Rhela shook her head at herself. This whole thing was silly. She fished some jerky from her pack and held it out. It was surprisingly gentle taking the food from her hand, given how big its beak was.

It trailed behind her as it had in the Crystarium, only deigning to move when she had gone a sufficient distance. It also seemed thoroughly disinterested when she had to stop to dispatch a few of the monsters that lurked in the Tower’s shadow.

“You just like to watch, huh?” It snapped its beak at her once, and again her mind tricked her into seeing that same gold. Even the way its wings curved looked like a pair of slumped shoulders. “I can’t very well use his name, can I? The Scions would have a fit.”

“Guess you’re stuck with Bird.” She quipped, sliding her gunblade back into its holster and resuming the trek to Revenant’s Toll.

Though by all rights it shouldn’t, that loss weighed heavily on her heart. Would likely continue to do so forever. As terrifying as he had been right before the end, she still had so many questions she never got the chance to ask. Hints of a life and a world long gone that he held the answers to.

“I miss him, Bird.” The shoebill glided along some distance behind her, if she turned her head she could see it from the corner of her eye. “He meant something to me. I’d like to think I meant something to him, too. My friends don’t really understand. I think maybe Y’shtola came the closest, but not… None of them saw him like I did, I don’t think. You’ll keep my secrets, won’t you, Bird?”

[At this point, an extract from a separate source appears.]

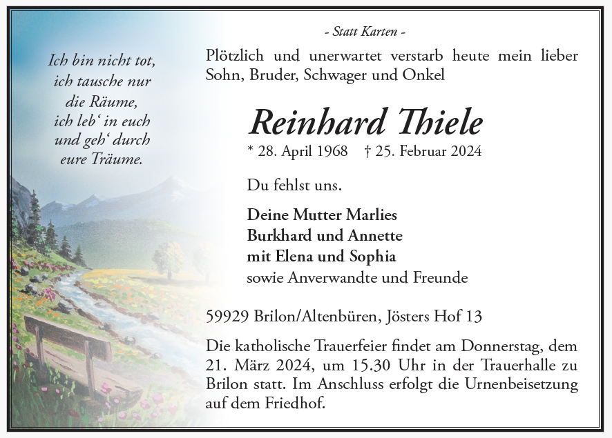 Sprechen Sie im Kondolenzbuch den Hinterbliebenen Ihr Mitgefühl aus und teilen Sie Ihre Erinnerungen und Gedanken mit anderen.
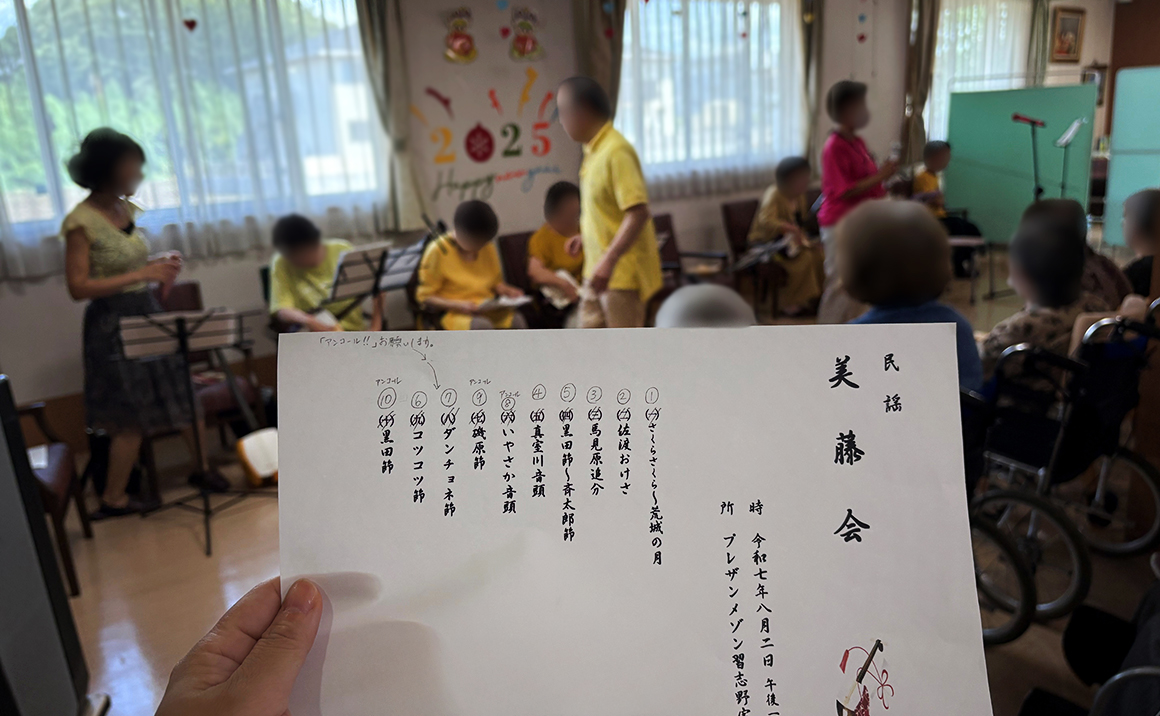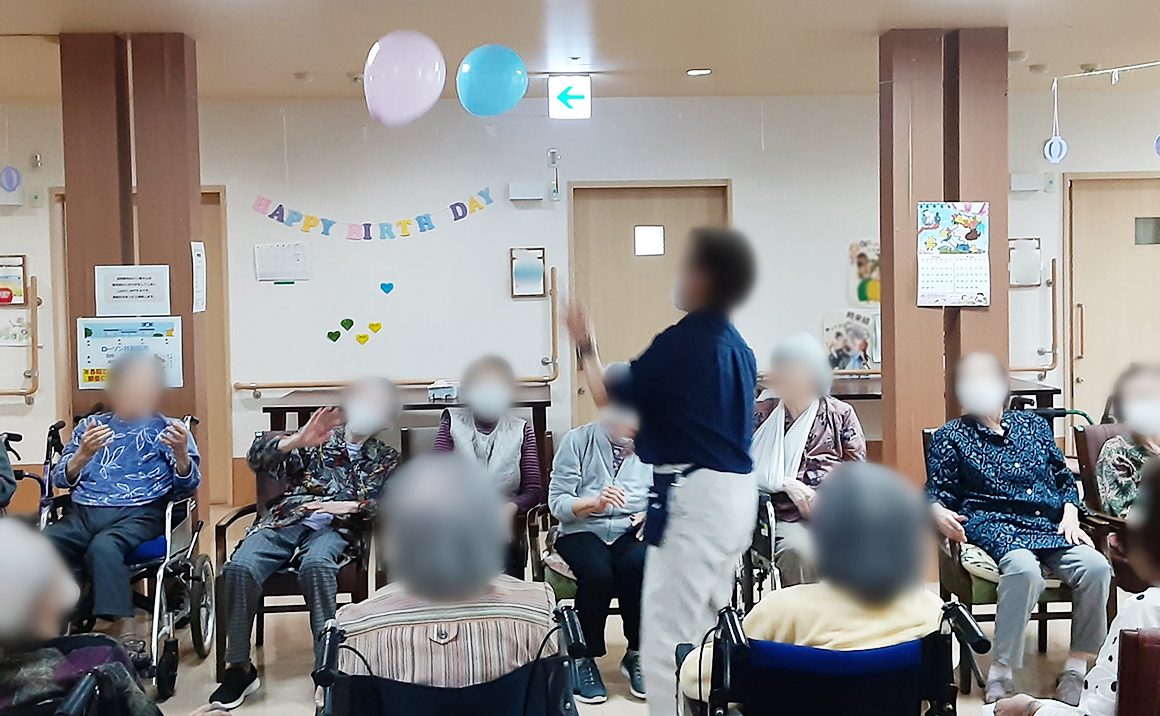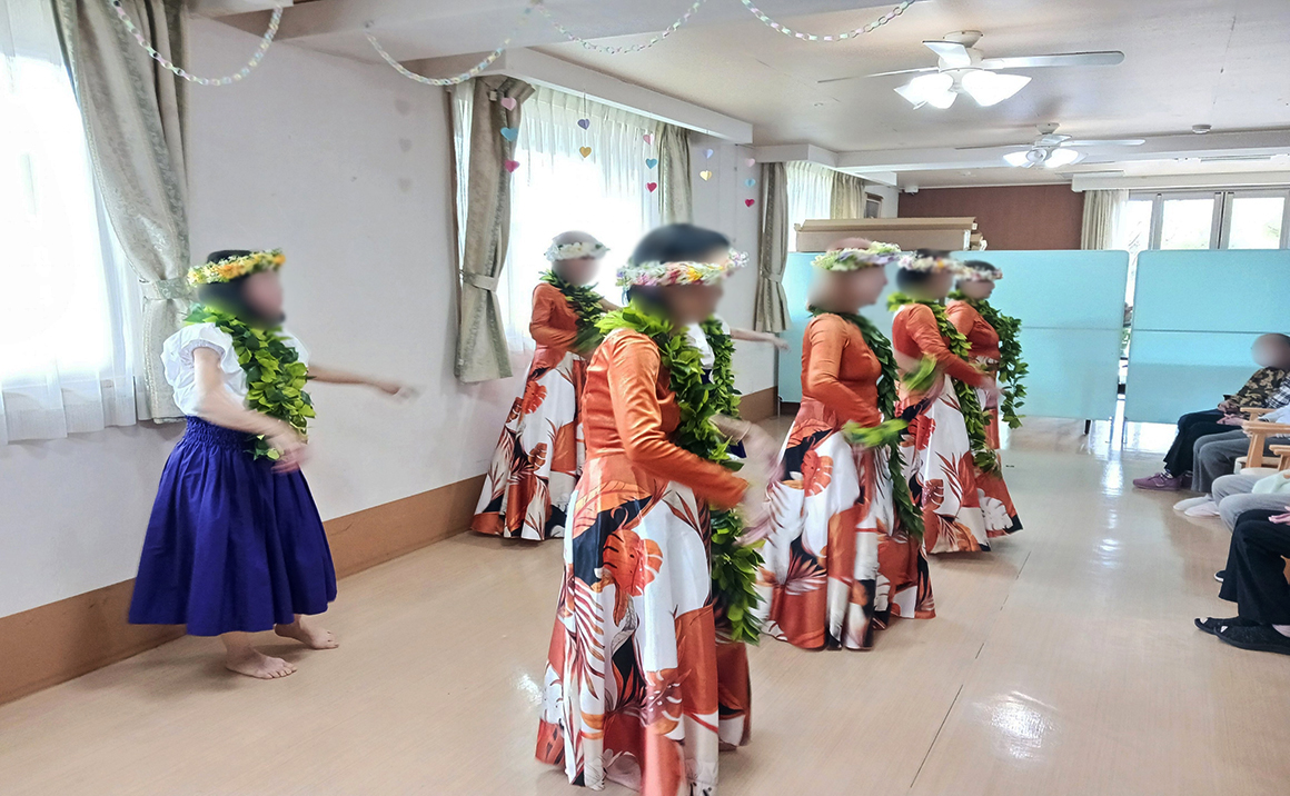京成実籾駅南口右手へ進んで、歯科医院とコインパーキングの間の道を進みますと施設が見えてきます。駅より徒歩3分という好立地の場所にあります。実籾商店街道路より一本内側に施設がある為、駅近とは思えないほど、とても静かで穏やかな場所です。当ホームでは、ボランティアやレクリエーションの充実を図っております。大正琴・童謡(歌)・太鼓等様々なボランティアが月に1度以上こられてます。イベントでは、夏祭り・文化祭・敬老会など行い、ご入居様者・ご家族様・スタッフとみんなでたのしくイベントを開催しております。夏の期間は、スタッフがアロハシャツを着て業務にあたらせて頂いております。ご入居者様・ご家族様に、とてもご好評いただいております。「たのしい」を生み出す施設でありたいと、職員一同明るく・元気にお手伝いをさせて頂いております。ご入居者様に、ご満足いただけるサービスを提供いたします。

The shoebill, of course, said nothing.


	5. Trust

**Notes for the Chapter:**

> 5.0 Spoilers - Post Rak’tika

Night in the Crystarium. Still a novelty for likely all of its residents, except perhaps the Scions, and even they have been in the First for long enough that the darkness feels strange. After dinner, Rhela procures a bottle of liquor and heads up the watchtower that looks out over Lakeland.

When had the drinking started? She doesn’t remember when it became an everyday thing. Maybe after Zenos. She leans against one of the wood beams, one leg dangling off the edge, and uncorks the bottle. The smoking definitely came from Baelsar. She smiles to herself as she pulls out her tobacco pouch, his, actually. It’s not a habit she indulges in frequently, although it’s become more often here. Too many stressors. Not the least of which is —

“Not celebrating with your friends?”

Speak of the devil.

Rhela sighs and turns to look up at the… Garlean? Ascian? She doesn’t know which is more appropriate.

“Emet-Selch. Can I help you?”

He lowers himself to sit beside her on the edge of the platform, close enough that she has to move her outstretched leg to make room for him, and rests his elbows on his knees. He says nothing, so she puts the end of the rolled cigarette between her lips and lifts her fingers to try to conjure a spark. The aether here is so thin that she can’t manipulate it without a focus and she curses under her breath as she pats her coat to try to find matches. Before she can come up with any, Emet-Selch extends his hand, flame dancing on his fingertips.

“Thanks.”

This is the most quiet she thinks she’s seen him since he introduced himself to them. No theatrics, no snide remarks. He just stares out into the night. Maybe it’s ancient memories dragged up from exploring in Rak’tika, or maybe he’s just tired. She knows she is. Rhela holds the bottle by the neck and nudges his shoulder with the base; he glances over out of the corner of his eye, but shakes his head when she offers it.

“Just gonna sit here in silence, huh?”

He watches her take a drag and exhale the smoke. “That can’t be good for your health, hero.”

“Nothing I do is good for my health. Let me enjoy my vices.”

“And what other vices does the Warrior of Darkness enjoy?”

“Mm. Smoking, drinking, sleeping with people I definitely shouldn’t.” He arches a brow at the last and she chuckles. “Don’t worry, it wasn’t an offer. Unless…” 

She’s probably joking. Maybe.

All of her emotions hit suddenly. Loneliness. Fear. Sadness. Exhaustion. Being the Warrior of Light two worlds is too much. Hells, being the Warrior of Light on *one* world was too much. It’s relentless. Always someone or something that needs saving. And for what? Death and destruction. Friends lost. She didn’t ask for this. Isn’t even sure she wants it any more, if she ever did.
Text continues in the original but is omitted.